Your instructions
Which lines run from the one containing "Tổ chức xếp" to the end of the entries? Copy them exactly, both ends included, and give nothing else.

Data to use
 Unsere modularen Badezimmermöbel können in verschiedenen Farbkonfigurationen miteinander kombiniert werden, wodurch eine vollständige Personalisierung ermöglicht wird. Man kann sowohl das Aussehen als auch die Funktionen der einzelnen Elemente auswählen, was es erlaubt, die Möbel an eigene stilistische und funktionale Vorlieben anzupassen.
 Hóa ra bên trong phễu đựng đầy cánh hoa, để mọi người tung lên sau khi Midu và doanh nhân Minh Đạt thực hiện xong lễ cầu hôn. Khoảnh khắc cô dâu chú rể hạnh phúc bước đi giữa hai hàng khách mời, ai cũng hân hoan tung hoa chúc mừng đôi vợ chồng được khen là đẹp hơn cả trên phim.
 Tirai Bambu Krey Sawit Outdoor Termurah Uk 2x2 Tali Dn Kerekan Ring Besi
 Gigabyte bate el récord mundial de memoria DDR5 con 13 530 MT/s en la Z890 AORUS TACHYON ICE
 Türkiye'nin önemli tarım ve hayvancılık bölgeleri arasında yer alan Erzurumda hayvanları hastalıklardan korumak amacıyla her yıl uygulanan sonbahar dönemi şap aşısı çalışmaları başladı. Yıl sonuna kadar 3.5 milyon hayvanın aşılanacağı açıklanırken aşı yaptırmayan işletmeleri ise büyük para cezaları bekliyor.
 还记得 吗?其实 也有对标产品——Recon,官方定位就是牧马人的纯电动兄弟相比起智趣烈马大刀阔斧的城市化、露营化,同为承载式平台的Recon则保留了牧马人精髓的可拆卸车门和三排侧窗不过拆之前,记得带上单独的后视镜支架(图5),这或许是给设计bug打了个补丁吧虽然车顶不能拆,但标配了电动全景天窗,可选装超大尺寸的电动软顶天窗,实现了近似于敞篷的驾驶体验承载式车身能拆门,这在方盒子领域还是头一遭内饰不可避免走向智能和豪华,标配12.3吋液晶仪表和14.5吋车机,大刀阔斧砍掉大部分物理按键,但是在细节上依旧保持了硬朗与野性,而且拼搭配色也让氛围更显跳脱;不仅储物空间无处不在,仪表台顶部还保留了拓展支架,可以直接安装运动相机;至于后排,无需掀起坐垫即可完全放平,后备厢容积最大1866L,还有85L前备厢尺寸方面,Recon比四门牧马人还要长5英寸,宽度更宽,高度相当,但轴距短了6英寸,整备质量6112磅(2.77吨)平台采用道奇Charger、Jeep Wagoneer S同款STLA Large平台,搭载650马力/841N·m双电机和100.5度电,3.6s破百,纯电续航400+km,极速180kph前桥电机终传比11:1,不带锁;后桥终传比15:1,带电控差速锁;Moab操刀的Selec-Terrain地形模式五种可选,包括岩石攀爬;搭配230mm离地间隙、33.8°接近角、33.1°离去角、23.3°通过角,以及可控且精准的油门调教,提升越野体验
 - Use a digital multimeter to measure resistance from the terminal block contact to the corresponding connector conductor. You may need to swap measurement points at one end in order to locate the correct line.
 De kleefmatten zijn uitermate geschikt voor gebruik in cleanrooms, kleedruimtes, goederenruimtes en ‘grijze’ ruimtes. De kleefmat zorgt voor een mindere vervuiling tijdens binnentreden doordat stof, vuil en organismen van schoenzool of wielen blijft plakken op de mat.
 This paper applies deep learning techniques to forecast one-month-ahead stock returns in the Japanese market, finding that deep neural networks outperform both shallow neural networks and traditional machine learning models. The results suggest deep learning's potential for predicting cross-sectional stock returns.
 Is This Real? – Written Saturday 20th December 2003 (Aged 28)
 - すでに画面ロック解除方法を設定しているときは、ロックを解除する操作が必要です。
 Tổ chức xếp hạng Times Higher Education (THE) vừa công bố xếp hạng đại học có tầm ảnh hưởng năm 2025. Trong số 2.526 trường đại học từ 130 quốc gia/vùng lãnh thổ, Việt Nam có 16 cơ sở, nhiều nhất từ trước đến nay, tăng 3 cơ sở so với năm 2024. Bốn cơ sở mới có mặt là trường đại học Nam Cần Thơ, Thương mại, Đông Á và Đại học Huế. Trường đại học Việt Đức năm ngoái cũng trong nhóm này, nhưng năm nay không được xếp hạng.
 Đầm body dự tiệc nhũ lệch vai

Written response
 Tổ chức xếp hạng Times Higher Education (THE) vừa công bố xếp hạng đại học có tầm ảnh hưởng năm 2025. Trong số 2.526 trường đại học từ 130 quốc gia/vùng lãnh thổ, Việt Nam có 16 cơ sở, nhiều nhất từ trước đến nay, tăng 3 cơ sở so với năm 2024. Bốn cơ sở mới có mặt là trường đại học Nam Cần Thơ, Thương mại, Đông Á và Đại học Huế. Trường đại học Việt Đức năm ngoái cũng trong nhóm này, nhưng năm nay không được xếp hạng.
 Đầm body dự tiệc nhũ lệch vai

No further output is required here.